Don’t click that link. Instead of the actual audiobook, which is read wonderfully by Michael Beck, it will take you to a YouTube video consisting of an AI narrator reading Grisham’s recent hit novel the Widow, and the narration plays under 13 hours of AI slop video—simulated stock footage of fake vacations, basically. It looks like the video they display under the lyrics on Hell’s karaoke machine. I don’t have any science to back this up, but it will definitely give you brain cancer.
As the New York Times points out, 80,000 lost souls listened to the Widow this way. And Grisham is pissed about it. “The thieves and pirates who steal my work and try to profit from it, in any format, should be punished civilly and criminally […] And in this particular example, YouTube is complicit because it’s clear they know what is happening and refuse to stop it,” Grisham told the Times in an email. He should really write about this. YouTube, for its part, says the video is still up because there hasn’t been a takedown request, and that it doesn’t proactively police for copyright violations. “For more than two decades, we’ve built systems that help rights holders manage and control their copyrighted content — investing continuously to make sure those systems evolve as new threats emerge,” Jack Malon, a YouTube spokesperson, wrote to the Times.

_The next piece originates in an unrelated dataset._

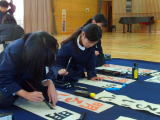 | 4年生かきぞめ | 1月14日,児玉恒風先生を講師として4年生が書き初めをしました。上手に書くポイントを教えてもらいながら,長半紙に「明るい心」を書きました。児童の作品は,1月19日(月)から2月6日(金)まで「あびき交流館」,「ふれあいプラザ」「JAあびき」「網引郵便局」の4か所に分かれて展示されています。 |

If you’ve ever had a YouTube video flagged for a copyright violation, it may have been because of a feature called Content ID that music publishers absolutely love. It allows copyright holders to crawl YouTube and automatically detect copyrighted content. At times, Content ID has been a valuable moneymaking scheme for copyright holders, who were able to zero in on incidental—or even accidental—uses of copyrighted material, especially music, and by making a claim, monetize other people’s videos. It can’t do this anymore, but this is the sort of thing YouTube’s copyright system has been designed to support. As the Times points out, Content ID isn’t great at finding AI-narrated audiobooks. The audio waveform of the content is not the same as the audio the publisher owns, which makes it tricky to know what to even scan for. The author holds a copyright on the text, which can be slightly changed by the creator of the YouTube video while still leaving the book largely intact—good enough for casual listeners anyway. This leaves publishers and authors to navigate the takedown process manually, which seems, judging from the fact that the Widow is still up, to just not be happening.
That’s a pity. And I don’t mean because it’s robbing John Grisham of audiobook sales, which is bad, but not the gravest injustice in the universe. It’s bad because people are listening to such horrible garbage just because it’s available. And they really, truly, don’t have to. #John #Grishams #Legal #Drama #Real #Life #Fight #Audiobooks #YouTubeArtificial intelligence,Audiobooks,Books,intellectual proper John Grisham’s New Legal Drama Is a Real Life Fight Against AI Audiobooks on YouTube
There’s an argument to be made that audiobooks are the finest form of content. You take a book—already off to a good start—and you get to have someone read it right into your ears. And when I say “someone” I mean the GOATs in the voice game. I could cite examples of celebrities you never knew narrated audiobooks, but here’s a sample of Werner Herzog narrating his memoir Every Man for Himself and God Against All that I think speaks for itself: [embed]https://www.youtube.com/watch?v=P4IQSvi3pXU[/embed] What could be better than this? Not only are audiobooks heaven, you can probably get all the audiobooks you want for free (and legally) by getting yourself a library card and using your local library’s preferred app (Libby, perhaps). I say all that, because given all the easy and free access to high quality audiobooks, why in the world would anyone listen to a John Grisham audiobook presented like this?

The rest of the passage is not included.